Sunday, April 29, 2012

EY8ZF 2m EME digital QSO

Rene, PE1L and Frank, DL8YHR was active for only 2,5 moonpasses (27-04-2012 to 29-04-2012) in 2m EME (144.134) from Tajikistan with the call EY8ZF (locator MM48jn). The antennas was a 2X9 el. DF7KF  for 2m and 38 el. M2 single antenna for 432 Mhz.
They had a very good signal off the Moon and I would like to thank you both for the QSO and NEW ONE on 2m via EME.
The most important is that they slept only 1 hour after the 24 hours trip and start to build the antennas to be active as soon as posible.
Congratulations once again for nice job and for patience to stay every day from moonrise to moonset there on the radio.
Check the link below for foto colection from EY8ZF.
http://www.ey8mm.com/pictures/view-album/57
For more info about this EME dxpedition and new coming is here:
http://www.emelogger.com/
The Team gives BIG thanks to Nodir EY8MM for the great host of their activity.
The complete antenna set-up (inclunding power dividers and all cables) stays at EY8MM station for future activity.
73, Spiros SV8CS

Friday, April 20, 2012

NASA: A BIG BLAST


Big Blast - April 16th 2012. FLARE and CME.
Look the video in YouTube.
http://www.youtube.com/watch?v=W7brf0OG6P0&feature=player_embedded

On Monday, April 16 - 2012, NASA captured a huge eruption from the sun, accompanied by a solar flare and Coronal Mass Ejection (CME).
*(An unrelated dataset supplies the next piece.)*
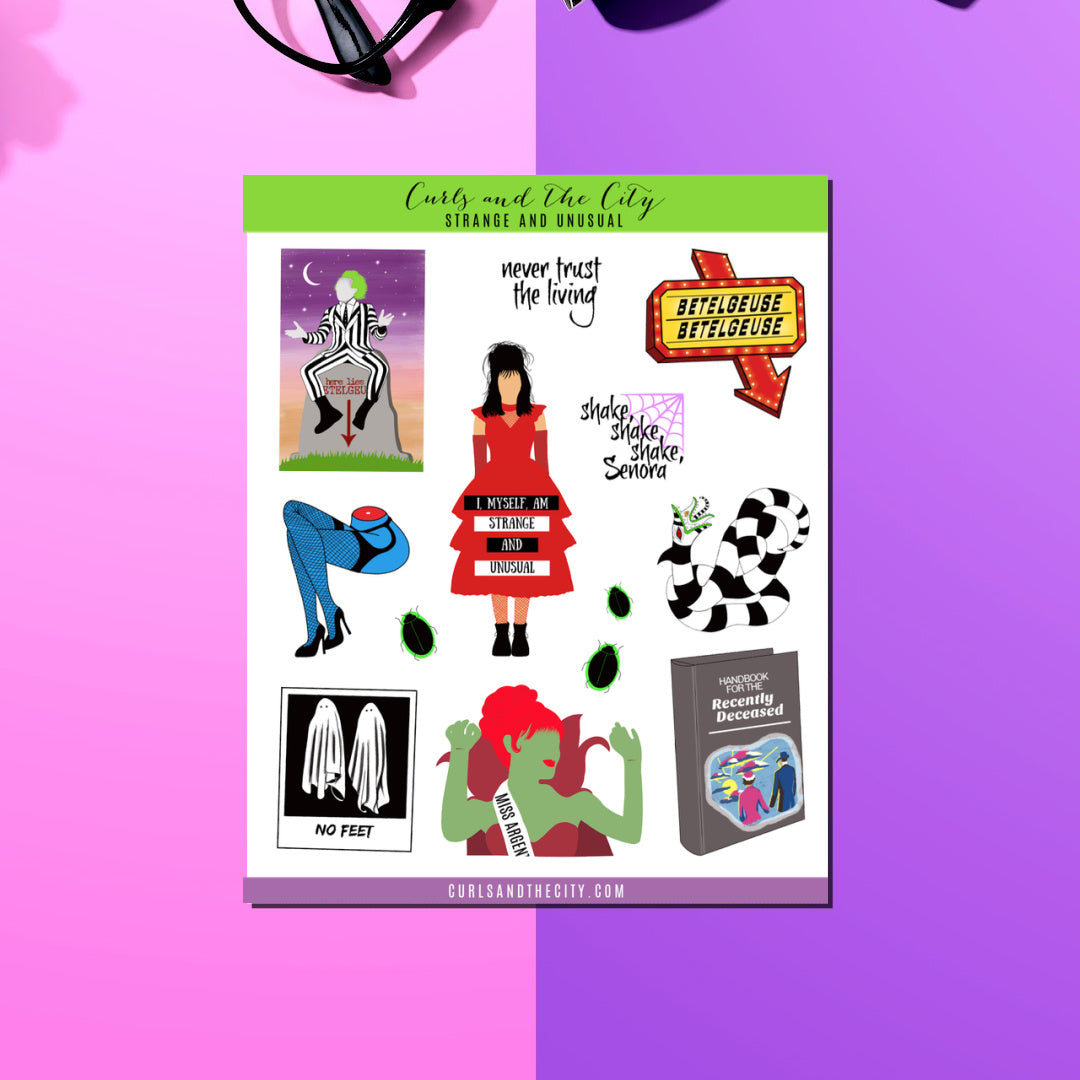 This Strange and Unusual Sticker Sheet is inspired by one of Tim Burton's classics, Beetlejuice. If this is one of your Halloween favorites too then this sticker sheet is perfect for your bullet journal, planner, scrapbook, or to just decorate the envelopes of a greeting card you're about to send out. All of our stickers are hand drawn, printed, and packaged by us for a personalized feel.

Known as a prominence, such eruptions can extend many miles into space. Since this eruption was pointed away from Earth, the blast and accompanying mass ejection -- a cloud of charged particles often responsible for aurorae on Earth -- won't affect the home planet's atmosphere.
The sunspot continued to circle toward Earth though, with the potential for further eruptions, but the National Oceanic and Atmospheric Administration's Space Weather Prediction Center said Wednesday that the several eruptions pointing away from Earth may have put the sunspot region into a state of decay, making subsequent eruptions less likely.
This prominence eruption reached about 198,000 miles off the "surface" of the sun. The Earth is around 98 million miles away, so it wasn't even close. The frames were taken 36 seconds apart from each other; the actual event lasted several hours. The Solar Dynamics Observatory collected the images and they are in extreme ultraviolet. This red-colored wavelength is 304 angstroms, which shows plasma at around 50,000 Kelvin. You can't see this with the naked eye.